China blocks Meta’s acquisition of AI startup Manus

China has blocked Meta‘s acquisition of Manus, with Beijing’s foreign investment regulator issuing a statement on Monday ordering both parties to withdraw the transaction.

The regulator said it “made a decision to prohibit foreign investment in the Manus project in accordance with laws and regulations, and has required the parties involved to withdraw the acquisition transaction.” The regulator gave no further explanation.

What Manus is and why Meta wanted it

Manus launched in March 2025, pitching itself as a “general agent” AI system. Rather than answering questions or generating text, it operated through a hosted Ubuntu desktop environment and carried out tasks autonomously on users’ behalf. That approach set it apart from most AI products at the time, and the startup attracted considerable attention in AI circles soon after its debut.

Meta moved to acquire the company in December 2025. The deal fit the company’s stated direction: Mark Zuckerberg has described his goal as delivering a “personal superintelligence” that handles daily tasks for users, and Manus’s agentic design aligned with that ambition directly.
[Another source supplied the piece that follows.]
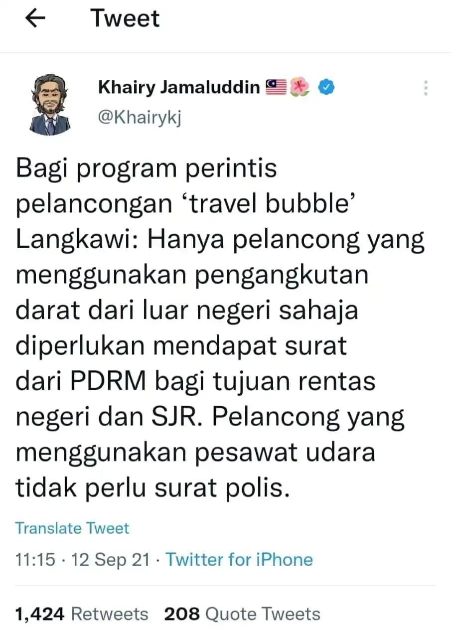 Today, Health Minister Khairy Jamaluddin Abu Bakar tweeted that tourists who flies to Langkawi will not need a letter from Royal Malaysian Police (PDRM).

How China blocked the Meta Manus acquisition

Manus created a more complicated situation when it relocated its headquarters to Singapore. The company intended to reduce its exposure to Chinese regulatory oversight and gain broader access to foreign capital. China’s foreign investment review body took a different view of the relocation.

An investigation into the deal opened in January 2026. It concluded on Monday with a formal order to unwind the transaction.
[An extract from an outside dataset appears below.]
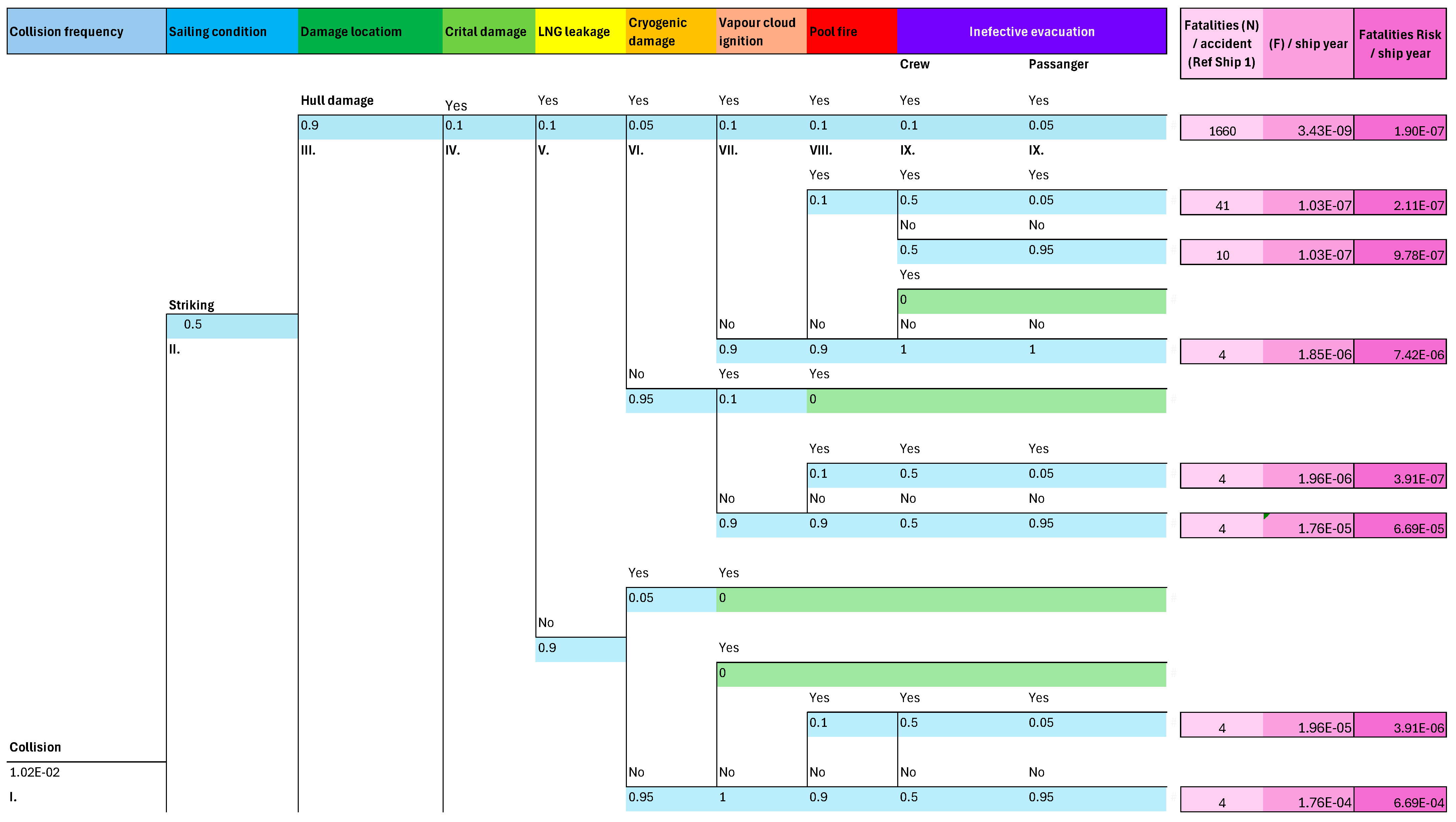 Figure 9. LNG-fuelled cruise ship event tree for collision event (top part).

Both China and the United States treat domestically developed AI as a strategic asset and restrict foreign ownership of companies they consider significant. Foreign investment reviews that block acquisitions are standard practice across industries globally, from semiconductors to energy. China’s decision follows that approach. The ruling also carries a pointed message: Beijing will not allow Chinese AI firms to become subsidiaries of Western tech companies. Startups that shift domicile to sidestep regulatory attention should not expect the move to protect them.

What the ruling means for Meta

The practical consequences are less clear-cut than the decision suggests. Major acquisitions involve extensive technical due diligence before close, and Meta’s team may already hold substantial knowledge of Manus’s architecture and approach, even without formal ownership of its codebase or staff. That knowledge does not disappear because a regulator blocked the transfer of assets.

Meta has credited AI with improving its advertising targeting and says the technology makes its products more engaging. The company also releases its Llama models as open weights and maintains a substantial AI research operation. Still, it has yet to ship a consumer-facing AI product that drew broad acclaim, and Zuckerberg’s personal superintelligence goal remains a considerable distance from realization.

With the Meta Manus acquisition blocked, Meta loses one concrete path toward agentic AI capability. The company has not announced whether it will pursue alternative acquisitions or build that capability internally.